Model-Free Preference Elicitation

Authors: Carlos Martin, Craig Boutilier, Ofer Meshi, Tuomas Sandholm

IJCAI 2024 | Conference PDF | Archive PDF | Plain Text | LLM Run Details

Reproducibility Variable Result LLM Response
Research Type Experimental We show that our approach offers significant improvement in recommendation quality over standard baselines on several PE tasks. [...] We describe our experimental setting and present our experimental results. [...] We empirically compare the performance of our model-free approach ( 6) to the model-based approach ( 5) in terms of the expected utility to the user of the recommended item at the end of an episode.
Researcher Affiliation Collaboration Carlos Martin2 , Craig Boutilier1 , Ofer Meshi1 and Tuomas Sandholm2,3,4,5 1Google Research 2Carnegie Mellon University 3Strategy Robot, Inc. 4Optimized Markets, Inc. 5Strategic Machine, Inc.
Pseudocode No The paper describes algorithms (e.g., the MCTS algorithm) in prose but does not include a figure, block, or section explicitly labeled "Pseudocode" or "Algorithm X".
Open Source Code No The paper mentions using an existing open-source implementation ("In our experiments, we use the open-source implementation found in Deep Mind s JAX library mctx [Babuschkin et al., 2020].4"), but does not provide concrete access to the source code for the novel methodology described in this paper.
Open Datasets Yes We use three datasets.

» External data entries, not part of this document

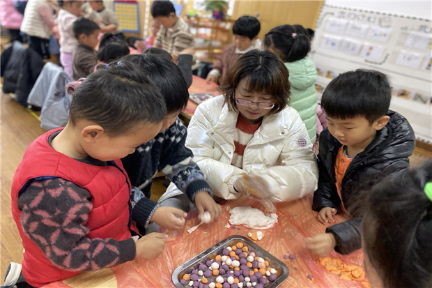 午点时间,宝贝们品尝着软糯甜香的劳动成果,碗中的元宵吃起来似乎格外香甜呢!
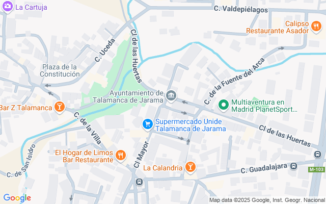 Se encuentra en la calle mayor de Talamanca de Jarama, la cual es peatonal los fines de semana.
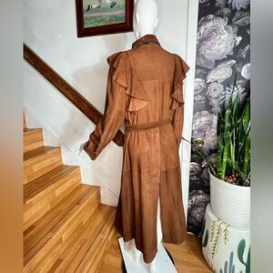 Free People x Brenda Knight NIGEL PRESTON Long Ruffle English Coat - Rust
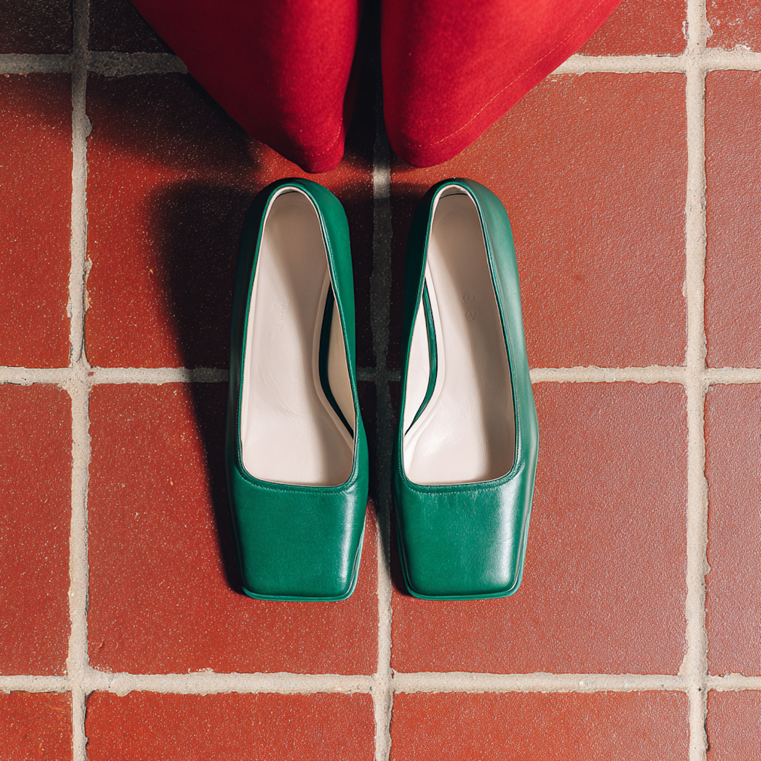 Stylish green square-toe shoes on a red tiled floor, paired with a red fabric accent for a bold and modern aesthetic.
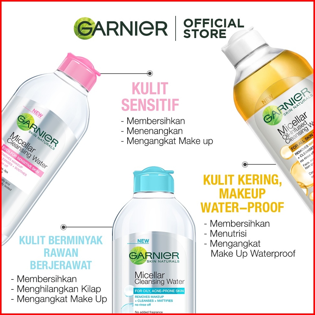 Garnier Micellar Water Pink Oil Infused- 400 Ml Twinpack - Pembersih Wajah Makeup Kulit Sensitif Gentle Cleanser No Rins
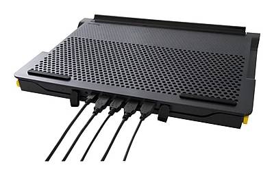 Make the most out of any workspace with a dual fan cooling mat that comes with a built-in 4-Port hub. Turn your laptop into a workstation with the 17 Chill Mat™+ with 4-port Hub. The Chill Mat+ combines a chill mat with all the important things you need when working at a desk. Dual fans keep your laptop cool; a 4-port hub allows you to connect all your peripherals, plus the adjustable height allows you to use it as a laptop stand. Use it flat, or at the highest setting (4”) with an external keyboard for better ergonomics. The Chill Mat+ with 4-Port Hub is the ideal solution for owners looking to get the most out of their laptop. - Compatible with Laptops up to 17 - Dual fans to help keep you and your laptop cool - 4-port Hub for connection to peripherals - Adjustable height (4 levels) lets you use as a laptop stand with external keyboard - Bottom ledge keeps laptop in place - Sturdy, durable construction Material - Limited 1 year warranty Packaging: Reusable
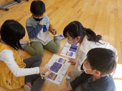 楽器を使った音楽づくりに取り組んでいます。星空の様子を思い浮かべながら「だんだんだから、少しずつ強く叩くといいかな」「遠くにあるから、やさしい音だといいね」等、音の出し方を考えていきました。
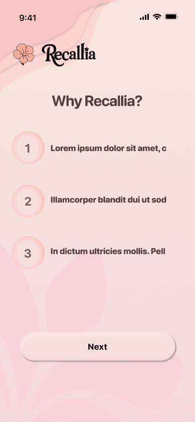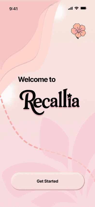 A sleek, Recallia-themed design keeps onboarding approachable andemotionally engaging

Movie Lens 1M. The Movie Lens 1M dataset [Harper and Konstan, 2016] [...] Movie Lens 25M. The Movie Lens 25M dataset [Harper and Konstan, 2016] [...] Amazon Reviews. The 2018 Amazon review dataset [Ni et al., 2019]
Dataset Splits Yes We train using 100 epochs, a batch size of 32, 20 trials, and 10% of the dataset for validation.

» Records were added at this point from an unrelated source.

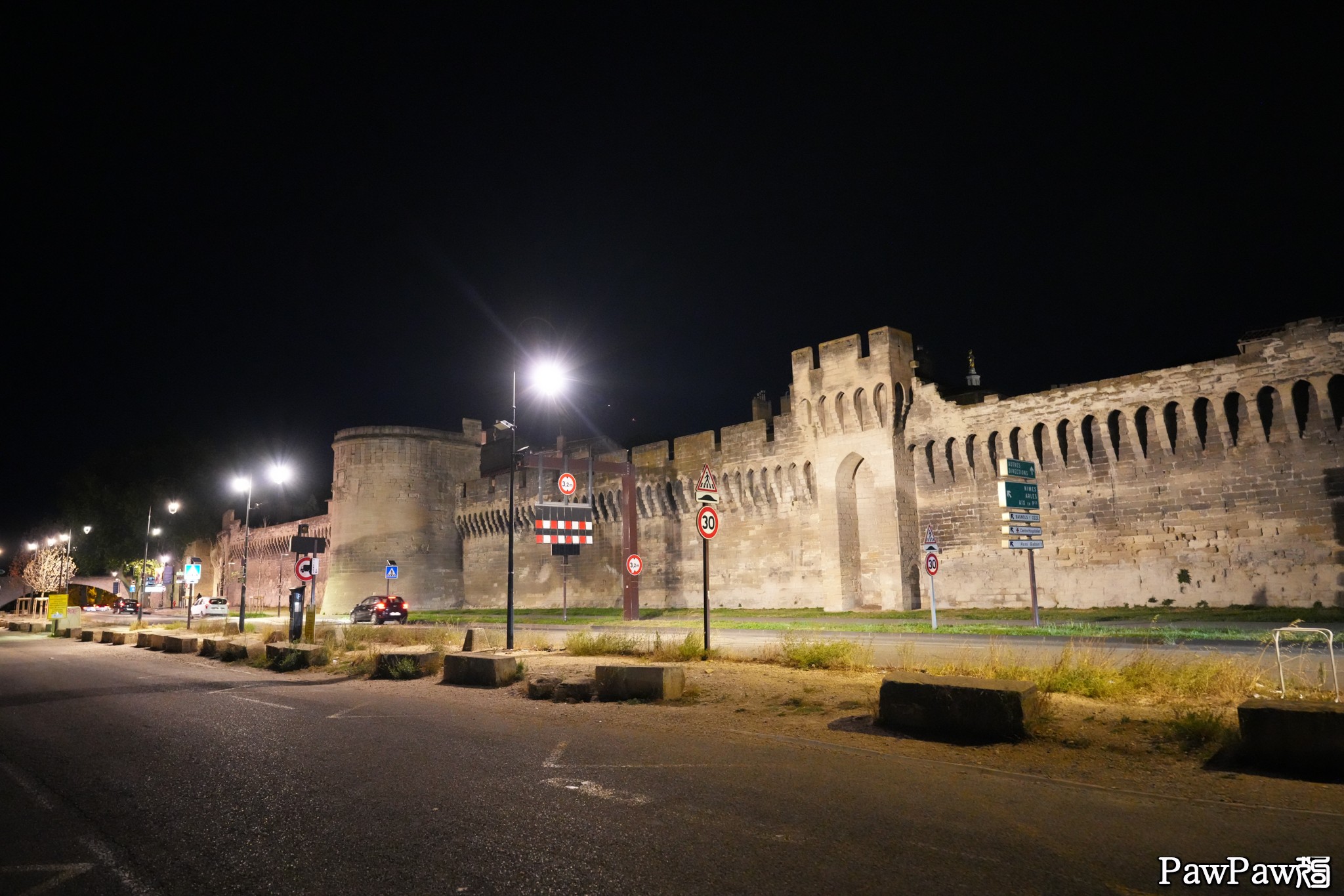 話說貓狗這天在法國亞維農老城區內一家米其林一星餐廳用完晚餐後,沿著河邊往貓狗住的河上旅館前進。馬路對面就是亞維農的城牆,從照片中車子的比例就可看出這城的城牆有多高。以14世紀的人力物力來說,如果不是因為教廷遷移至此,即使這城在當時算是處於河道交通要地,也很難想象會見如此規模的城牆。不僅如此,在河對面也還有一座相當龐大的要塞有夾擊防守河道的作用。
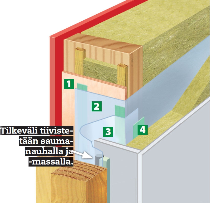 2. Höyrynsulku asetetaan eristeiden läm-pimälle puolelle (huoneen puolelle), mutta sen voi laittaa 1/3 eristepaksuuden sisään. 150 mm:n eristeessa höyrynsulku saa siis olla enintään 50 mm seinäpinnasta.
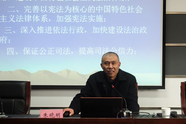 会上,朱晓明从全面推进依法治国的重大意义、紧迫性和指导思想,全面推进依法治国的总目标和原则,全面推进依法治国的重大任务三个方面入手,深入翔实地对党的十八届四中全精神实质进行了解读,为与会人员深入学习贯彻十八届四中全会精神进行了理论指导。
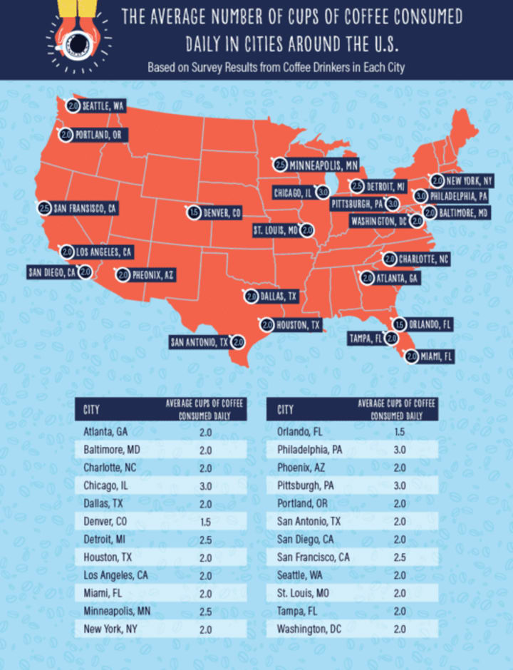 In addition to the overall rankings, SimpleTexting found how many cups of coffee people in each city drink per day on average. Philadelphia, Pittsburgh, and Chicago residents all drink an average of three cups per day. That’s nearly 300mg of caffeine per day on average, so it’s probably safe to assume that their tolerance is high and the number of hours of sleep they get a night is low.

Hardware Specification Yes We use 3000 episodes for each policy, and execute them on a single NVIDIA A100 SXM4 40GB GPU.
Software Dependencies No The paper mentions software like Radam optimizer, TensorFlow Probability, JAX, and mctx, but does not provide specific version numbers for these software components (e.g., 'TensorFlow Probability X.Y.Z', 'JAX A.B.C').
Experiment Setup Yes All of our models use a hidden layer of size 1024 where applicable, and four heads for the attention model. We use the Radam optimizer [Liu et al., 2019] (based on Adam [Kingma and Ba, 2014]) with a learning rate of 10 5 and weight decay 10 3. We train using 100 epochs, a batch size of 32, 20 trials, and 10% of the dataset for validation.